DevOps for Embedded - robbya
https://www.stupid-projects.com/devops-for-embedded-part-1/
======
nineteen999
Three particular comments stood out to me:

> It’s not necessary to automate the 100% of your infrastructure

This is true IMHO, although it's a good goal to strive for, even if you fall
short. I will add that if you get to 95 or 99%, the remainder should be well
documented and that documentation shared within your team. There's nothing
more frustrating than finding that the automation _almost_ works, but there's
those one or two manual steps that require that one guy who is on leave this
week. Even more so if those steps could have been easily automated.
Rediscovering this stuff is usually wasted effort.

> Some would argue that also the coffee machine should be also included in the
> automation process

Unfortunately, even in companies worth $1bn+, I've seen the devops guys
working on the coffee pot because it's more interesting than automating that
last 5% of stuff that only they know about.
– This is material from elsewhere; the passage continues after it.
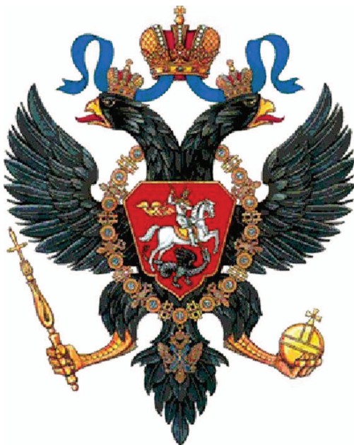
рис.8 Герб Петра I

> You need only to find the simplest solution for your problem.

This is another thing I've seen devops teams fall foul of - using a much more
complicated solution than is necessary, introducing extra tools with extra
dependencies when a line of bash, python or perl somewhere would have done the
trick. They could/should have invested the time they would have spent on the
complicated solution finishing off that last 5% of automation that is missing
from the source control repository and/or documentation.